Go to the line below that has "74022789 old postcard", print it and each line after it exactly, and stop after the line that has "2 Fishes 5 Breads"; leave out pictures.
*** DATASET EXCERPTS ***
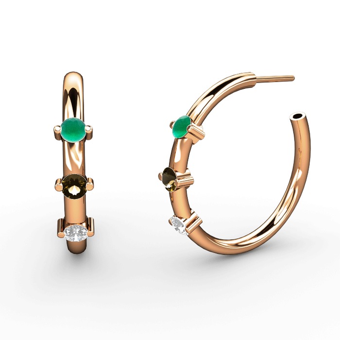 Swarovski, dumanlı kuvars ve kök zümrüt 8 ayar rose altın küpe
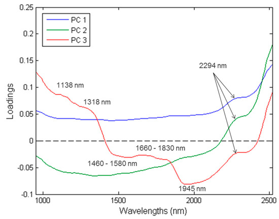 PCA loadings line plot for PC1 (blue), PC2 (green) and PC3 (red) with interpretable bands at 1138, 1318, 1460–1580, 1660–1830, 1945 and 2294 nm.
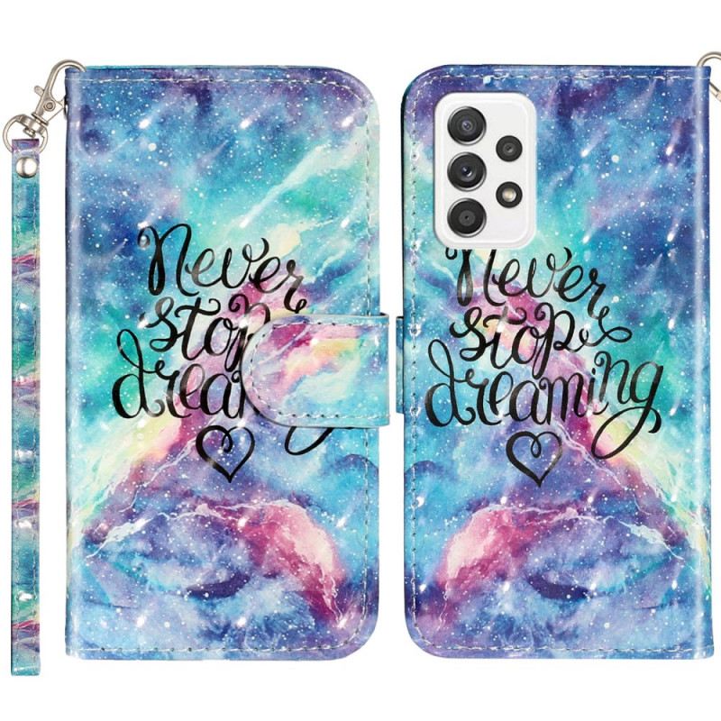 A Never Stop Dreaming Pánttal Ellátott Huzat Az Egész Samsung Galaxy A53 5G-T Rögzíti, Miközben Pénztárcaként És Állványként Is Szolgál.
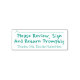 Denna lyxiga utformning av gummi frimärke innehåller meddelandet "Granska, skriv under och lämna tillbaka snabbt", förutom en rad som namnteckning eller initialer kan skrivas ovan. Den har också en anpassade som lärare eller lärare i namn. Det skulle kanske kunna användas av en lärare, lärare eller lärare för att begära att en förälder eller en eller flera väktare i student granskar student arbete med ett projekt, ett frågeformulär, ett test eller någon annan skolgång.
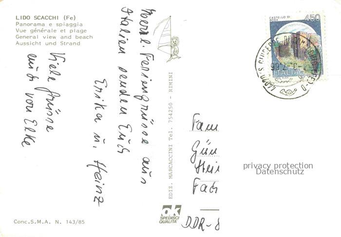 74022789 old postcard Lido Scacchi IT Panorama e spiaggia veduta aerea Kuestenpanorama Strand postalisch gelaufen Fliegeraufnahme Erhaltung siehe scans [FriedD77] KatCode: 11240
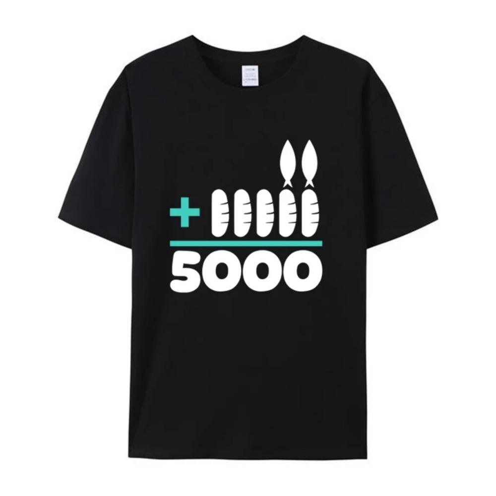 2 Fishes 5 Breads 5000 Chosen Against The Current Men's T-Shirt Jesus Christ Short Sleeve Casual Women Tee Shirts cm black
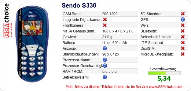 Hast du eigene Webseite? Willst du die Informationen über Standarddaten des Handys Sendo S330 irgendwo veröffentlichen? Das ist sehr einfach. Du kannst das Bild herunterladen oder kopieren und auf der Webseite folgenden Code hinzufügen:Das Einfügen von diesem Code verursacht das Anzeigen von dem folgenden Bild:
*** End of DATASET EXCERPTS ***
#### ANSWER TO THIS TASK
 74022789 old postcard Lido Scacchi IT Panorama e spiaggia veduta aerea Kuestenpanorama Strand postalisch gelaufen Fliegeraufnahme Erhaltung siehe scans [FriedD77] KatCode: 11240
 2 Fishes 5 Breads 5000 Chosen Against The Current Men's T-Shirt Jesus Christ Short Sleeve Casual Women Tee Shirts cm black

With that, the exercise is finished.